Бытовые сцены в романе И. А. Гончарова «Обломов». Традиции фламандской школы живописи
Автор: Павлович К.К.
Журнал: Новый филологический вестник @slovorggu
Рубрика: Русская литература и литература народов России
Статья в выпуске: 2 (73), 2025 года.
Бесплатный доступ
Живописание И.А. Гончарова как устойчивая художественно эстетическая система связана в основе своей с «высокой» (итальянской) и «повседневной» (фламандской) живописью. В главном романе писателя оно проявляется в форме бытовых сцен (жанровых). Обращение Гончарова на фоне развития критического реализма в историко литературном процессе России к этому жанру явилось ключевым на пути формирования категории «обыкновенного», возведенного в творчестве писателя в эстетический абсолют. «Сон Обломова», сотканный из аллюзий на картины фламандцев, демонстрирует внимание писателя к бытовым сценам, с помощью которых воссоздается патриархальный быт, оказавший влияние на формирование русского национального образа - Ильи Ильича Обломова. Живописание бытовых сцен в романе связано с рядом центральных эстетических проблем, таких как поэтизация действительности, характерология.
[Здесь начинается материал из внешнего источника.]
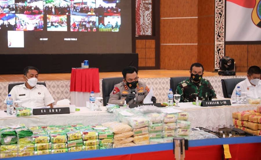 Kapolda Sumut, Irjen Pol RZ Panca Putra Simanjuntak, mengatakan selama dua bulan Tim Dit res Narkoba Polda Sumut bersama Polres Jajaran berhasil mengungkap 35 kasus dengan mengamankan barang bukti sabu seberat 412, 96 kg, pil ekstasi sebanyak 54,614 butir dan ganja 674 kg.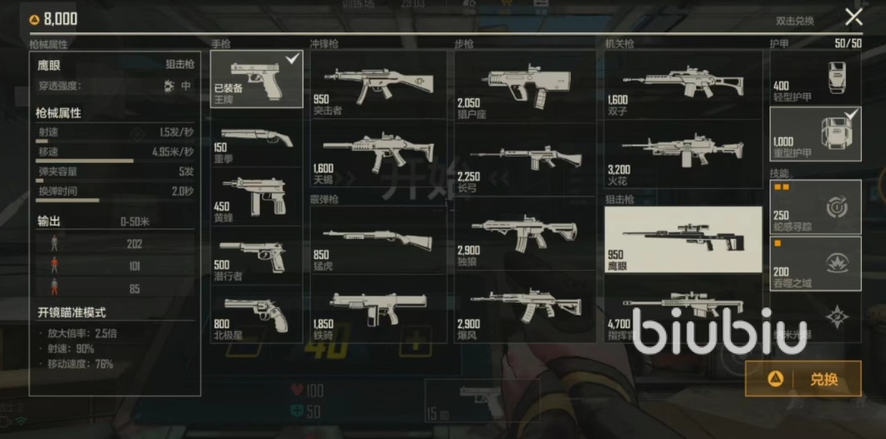 鹰眼是游戏中的狙击枪类型,它具有中等程度的穿透强度,这一点就比手枪和冲锋枪要强很多。在枪械基本属性方面,射速比较慢,为1.5发每秒,移动速度为4.95米每秒,弹夹容量5发,换弹时间两秒钟。对于狙击枪来说,射速和弹夹容量以及换弹时间都是不重要的属性,只要移动速度能够跟上,其他都不是问题。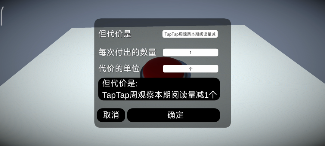 当然如果你觉得自带的这些代价不够好玩的话,游戏也支持自定义代价,设置好代价的文字描述,付出的数量和代价的单位就可以愉快地按起来了。比如“按一次按钮得到一万元,但是TapTap周观察本期阅读量减1”。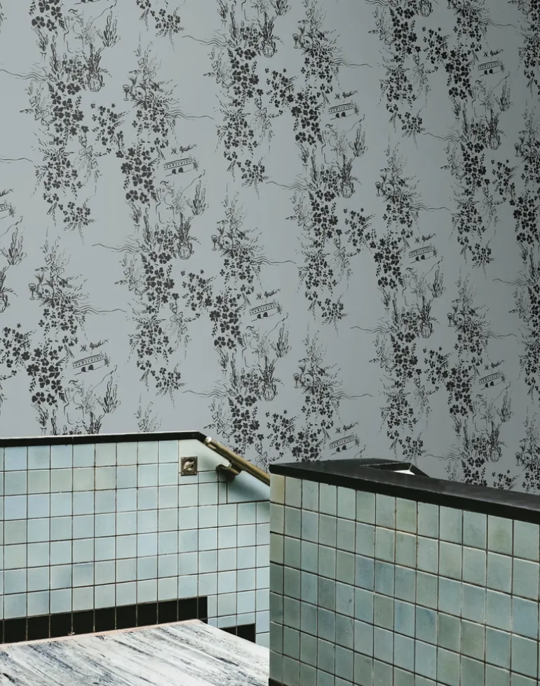 This wallpaper touches on fragments of memories, intertwined with a stylized interpretation of the unruly rambling bougainvillea. ‘Isadore’ is a tale entirely fabricated by the artist, Ronelle Pienaar Jenkin.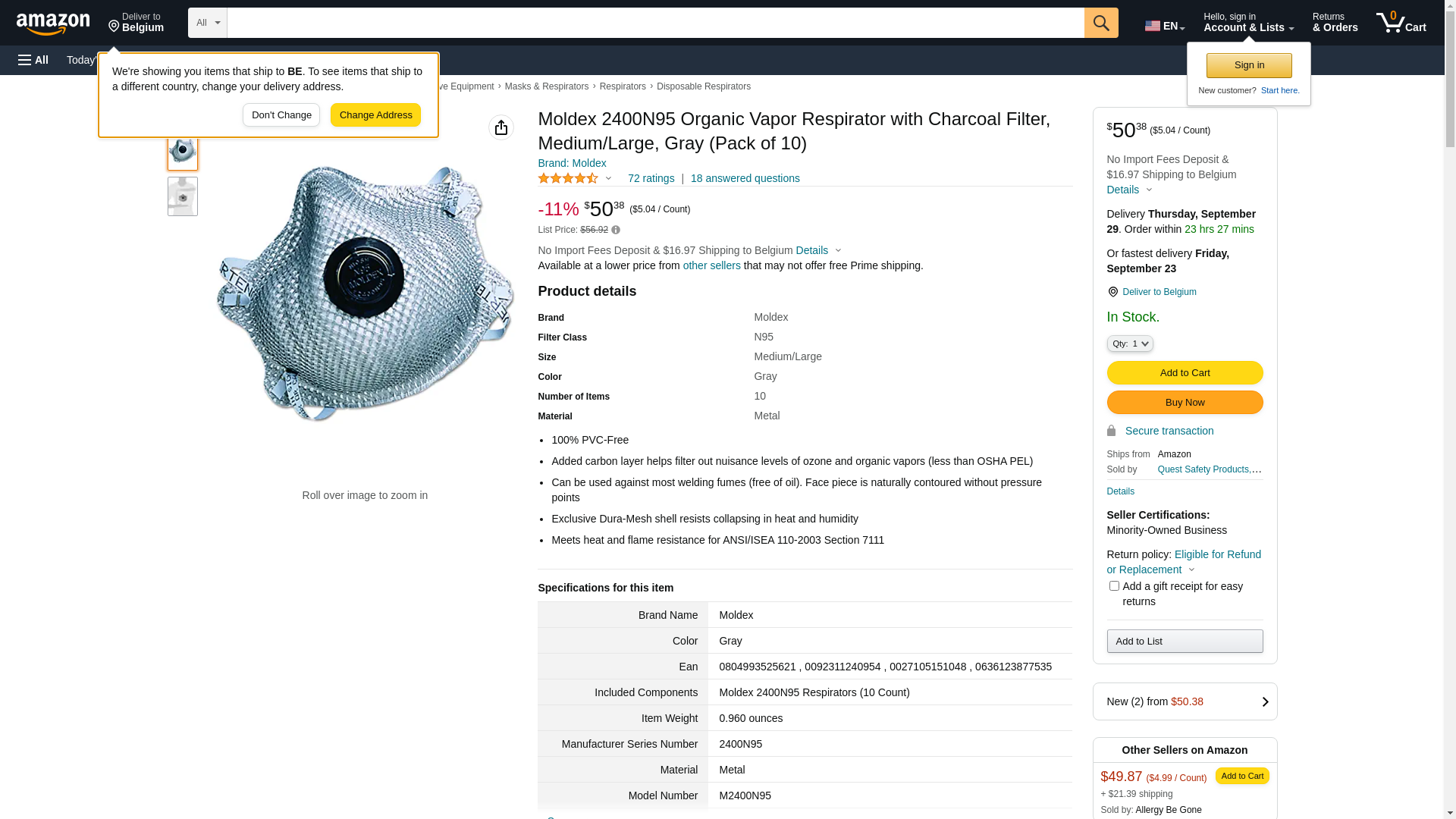 ![]() safewareinc.com | MOL 2400N95 | 1 | 1 | 1 @ $49.40 | |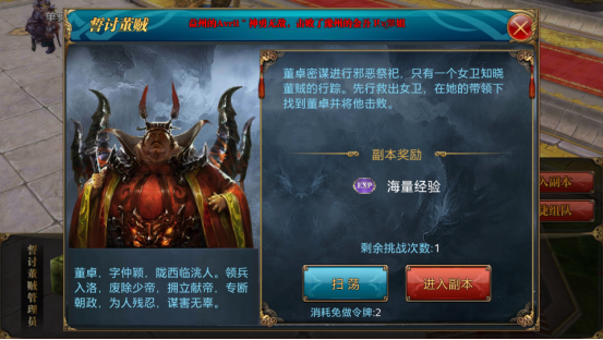 誓讨董贼的奖励为经验奖励,组队参与副本还可获得额外的经验丹奖励,每日可参与两次,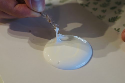 お花や葉の根元にボンドを付けて、土台となる輪に刺していきます。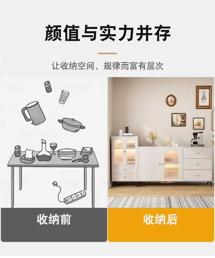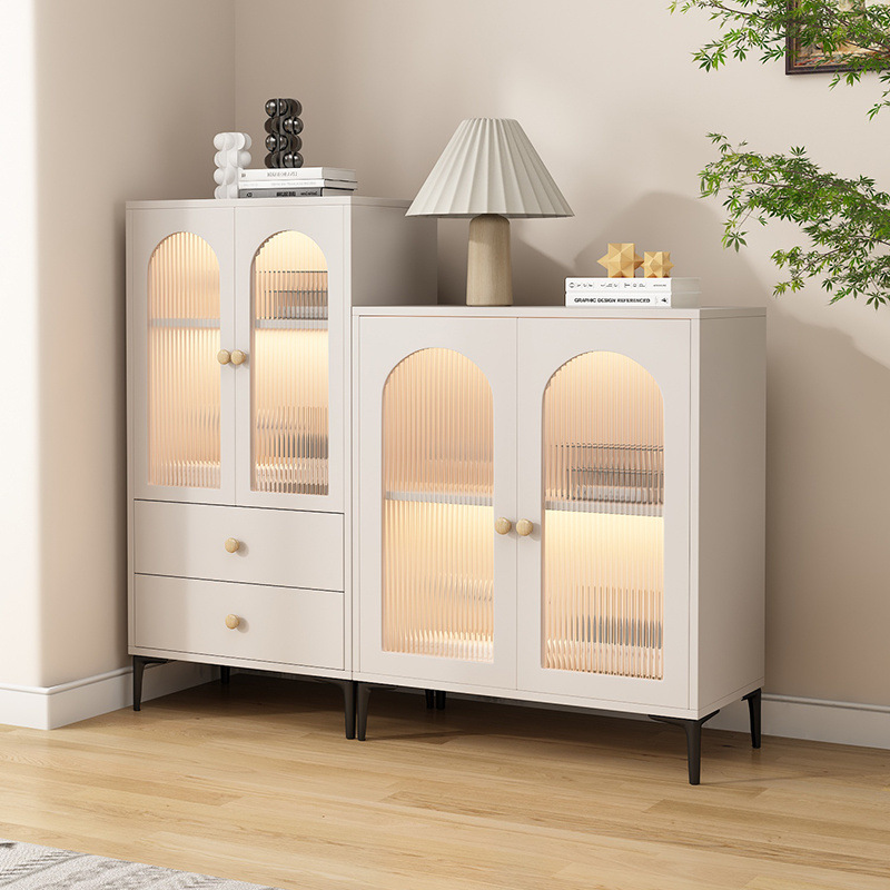 크림 스타일 원목 찬장, 벽걸이 수납장, 가벼운 고급 주방 캐비닛, 차 수납장, 모던하고 심플한스토어 가기
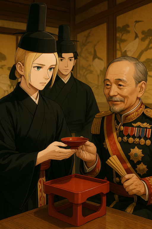 西園寺御所の一隅に信頼できる家人だけを集めて行われた秘密裏の家督相続。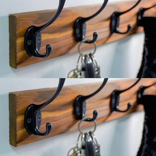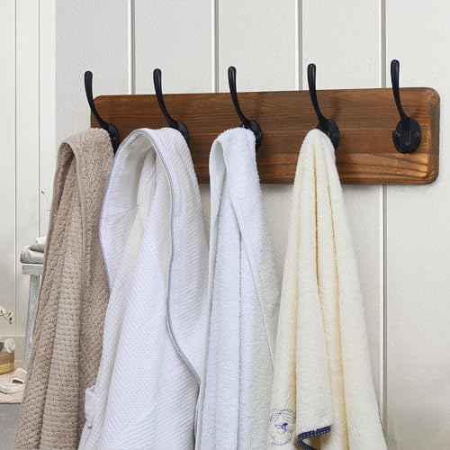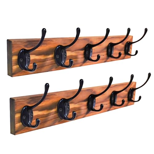 Zihanrm - رف معاطف يثبت على الحائط من زيهانرم - 5 خطافات ثلاثية، رفوف معاطف خشبية شديدة التحمل تثبت على الحائط للملابس والقبعات والجاكيتات، لون ماهوجني، عبوة من قطعتين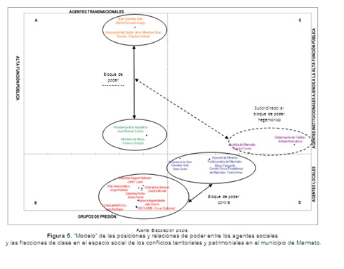 To legitimate the neo-extractivist development viewpoint, the transnational- governmental agents have developed and implemented different speeches and conservative strategies around the illusion or idea that economic development and sustainable development only can be led by private and transnational capital. However, community agents have also developed speeches and resistance strategies from the people in defense of their territory, cultural heritage and local development viewpoint based on traditional mining with the support of different social sectors. But territorial and patrimonial conflicts in addition to facing two visons of development are facing different social agents with different capitals and interests, who compete for the legal authority to preserve or transform the current order in Marmato.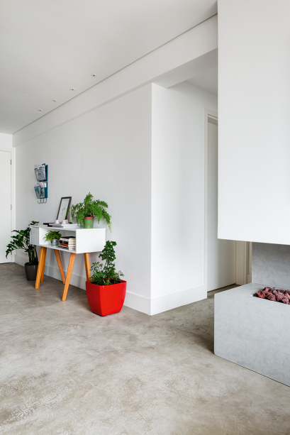 A churrasqueira, no canto da sala, é valorizada pelo cimento queimado (Tecnocimento, da NS Brazil) aplicado na divisória. Confira as outras boas ideias desta proposta do escritório ILLA nesta reportagem. (Foto: Marcelo Donadussi)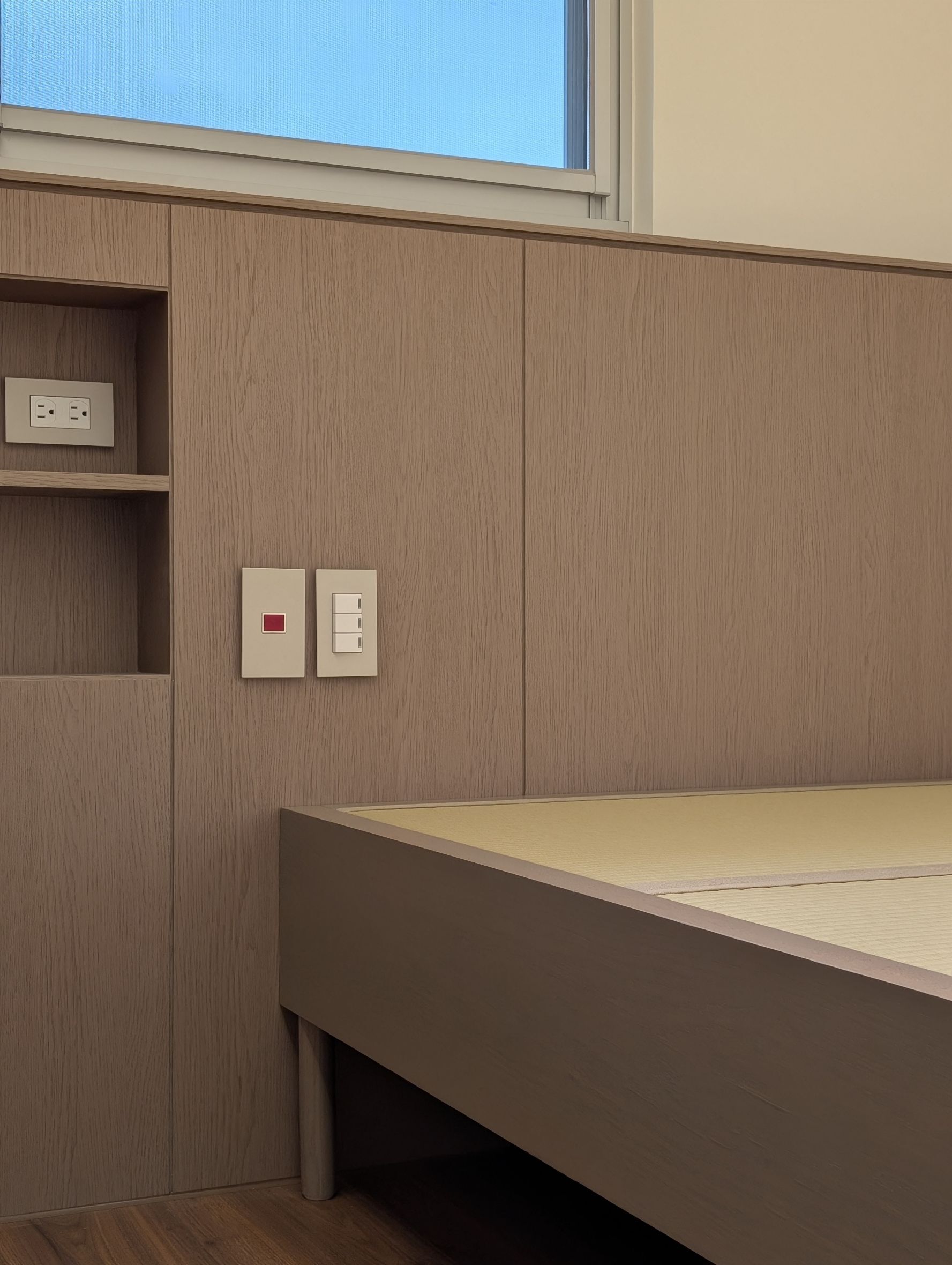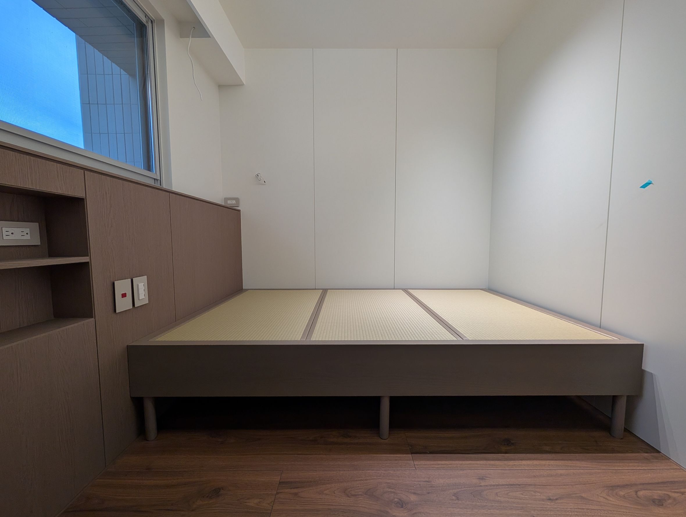 這是一個以日式榻榻米為核心去設計的訂製案件。客人捨棄常見的彈簧或泡棉床墊,改用透氣、天然的榻榻米,讓睡眠環境更乾爽,也更貼近生活本質。

Впервые в данной статье обломовские бытовые сцены были соотнесены с жанровой живописью и полотнами голландских и фламандских мастеров. Кроме воссоздания идиллии бытовые сцены укрупняют роль важных с точки зрения композиции глав (1 и 4) на пути духовной эволюции героя, портрет которого дается во фламандском колорите. Было выявлено, что бытовые сцены как междисциплинарный жанр в романе «Обломов» И.А. Гончарова связаны с теорией эпизации, так как являются элементом одной из двух эстетических основ живописания как средства воссоздания действительности. Обращение к «фламандству» посредством бытовых сцен дало Гончарову возможность поэтизации некоторых сторон русской жизни, подчеркивающих торжество будничной красоты. Бытовые сцены романа являют собой своеобразное тематическое «кольцо», призванное подчеркнуть значение фламандского изобразительного жанра для главной художественной идеи романа «Обломов».
Гончаров, роман, обломов, бытовые сцены, живопись, живописание
Короткий адрес: https://sciup.org/149148605
IDR: 149148605 | DOI: 10.54770/20729316-2025-2-134
Текст научной статьи Бытовые сцены в романе И. А. Гончарова «Обломов». Традиции фламандской школы живописи
Goncharov; novel; Oblomov; everyday scenes; painting; depiction.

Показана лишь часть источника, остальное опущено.